[Records drawn from a dataset]
____________

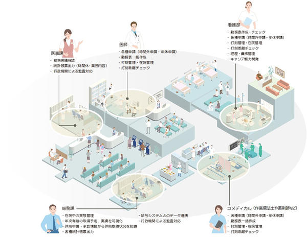 複雑な勤務形態に基づく労働時間の適正管理や院内全体のリソース管理を支援
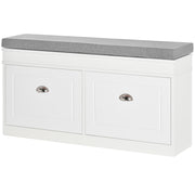 HOMCOM Apavu soliņš - Apavu uzglabāšanas soliņš 8 pāriem ar 2 atvilktnēm, regulējamām plauktiem un mīksto spilvenu ieejai vai gaitenim 104x24x55 cm balts
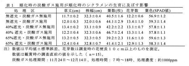 - 観葉植物をはじめ、花を観賞の主体とする鉢花でも、観賞時の葉色低下あるいは黄化葉の発生の低減には、遮光による順化処理が有効である。ところが、鉢花に対する不適切な遮光処理は、しばしば花数の減少、茎部の徒長などの品質低下を引き起こす。そこで、順化時の遮光下でシクラメンに炭酸ガス施用を行うことにより、これらの品質低下を防ぐとともに、観賞時の日持ち性を改善する。
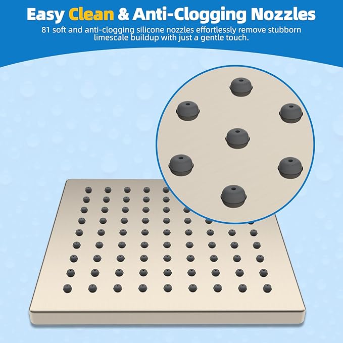 - Self-cleaning Silicone Nozzles: The rainfall shower head has 81 soft silicone nozzles, meticulously designed to prevent limescale buildup and clogging. These high-quality silicone nozzles not only ensure a safe and healthy bathing experience but also make cleaning a breeze. Wipe away any residue or buildup, and the self-cleaning properties of the silicone material will maintain the nozzles in pristine condition, ensuring an enjoyable shower every time
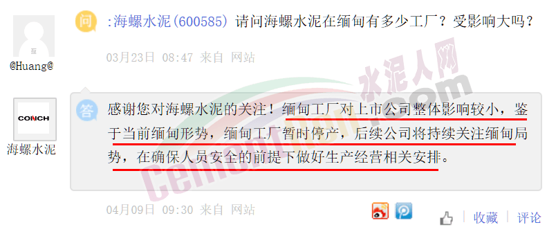 據(jù)水泥人網(wǎng)此前報道,海螺水泥(600585)在互動平臺回復(fù)投資者提問時表示,鑒于緬甸局勢動蕩,為保證工廠和公司員工安全,緬甸地區(qū)工廠暫時停產(chǎn)。
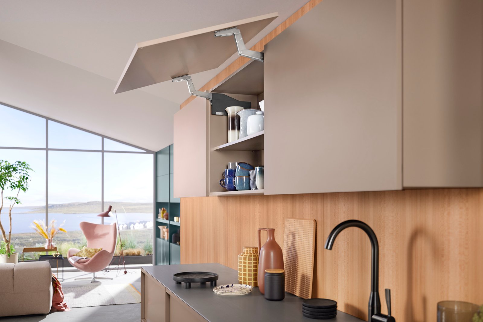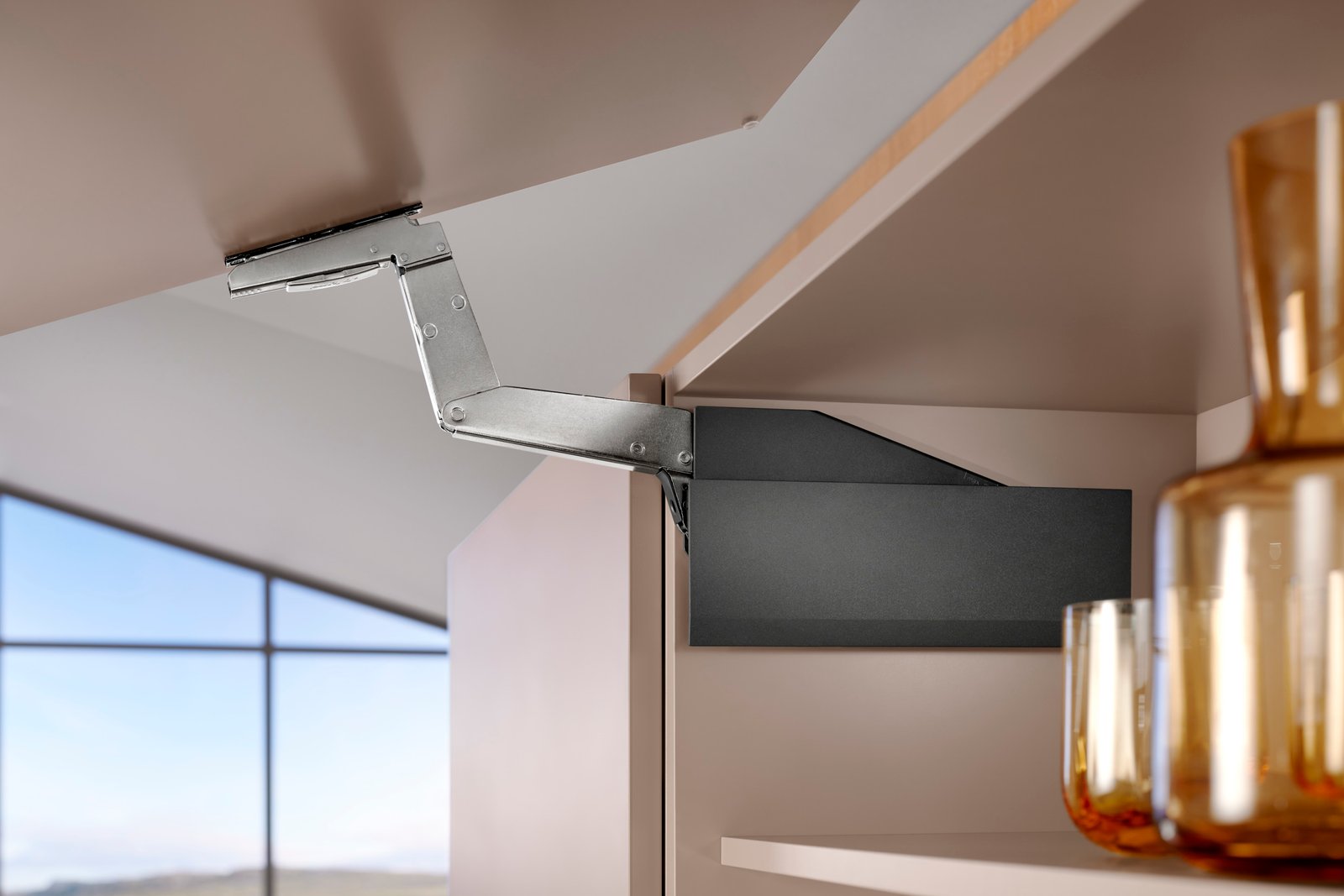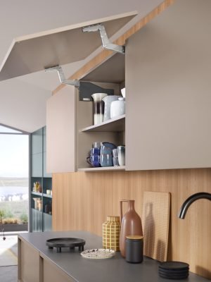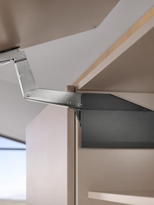 A ferragem para portas de elevação AVENTOS HS top no armário superior transmite uma sensação de leveza: frentes amplas, de uma só peça, podem ser facilmente movimentadas com ela e o acesso aos itens estocados é mantido a todo instante. Sendo assim, você também realiza facilmente variantes incomuns de design, como painéis de acabamento ou testeiras.

____________

How to complete this task: The answer must be the entries above, printed exactly, with no pictures.

Your solution:
 複雑な勤務形態に基づく労働時間の適正管理や院内全体のリソース管理を支援
 HOMCOM Apavu soliņš - Apavu uzglabāšanas soliņš 8 pāriem ar 2 atvilktnēm, regulējamām plauktiem un mīksto spilvenu ieejai vai gaitenim 104x24x55 cm balts
 - 観葉植物をはじめ、花を観賞の主体とする鉢花でも、観賞時の葉色低下あるいは黄化葉の発生の低減には、遮光による順化処理が有効である。ところが、鉢花に対する不適切な遮光処理は、しばしば花数の減少、茎部の徒長などの品質低下を引き起こす。そこで、順化時の遮光下でシクラメンに炭酸ガス施用を行うことにより、これらの品質低下を防ぐとともに、観賞時の日持ち性を改善する。
 - Self-cleaning Silicone Nozzles: The rainfall shower head has 81 soft silicone nozzles, meticulously designed to prevent limescale buildup and clogging. These high-quality silicone nozzles not only ensure a safe and healthy bathing experience but also make cleaning a breeze. Wipe away any residue or buildup, and the self-cleaning properties of the silicone material will maintain the nozzles in pristine condition, ensuring an enjoyable shower every time
 據(jù)水泥人網(wǎng)此前報道,海螺水泥(600585)在互動平臺回復(fù)投資者提問時表示,鑒于緬甸局勢動蕩,為保證工廠和公司員工安全,緬甸地區(qū)工廠暫時停產(chǎn)。
 A ferragem para portas de elevação AVENTOS HS top no armário superior transmite uma sensação de leveza: frentes amplas, de uma só peça, podem ser facilmente movimentadas com ela e o acesso aos itens estocados é mantido a todo instante. Sendo assim, você também realiza facilmente variantes incomuns de design, como painéis de acabamento ou testeiras.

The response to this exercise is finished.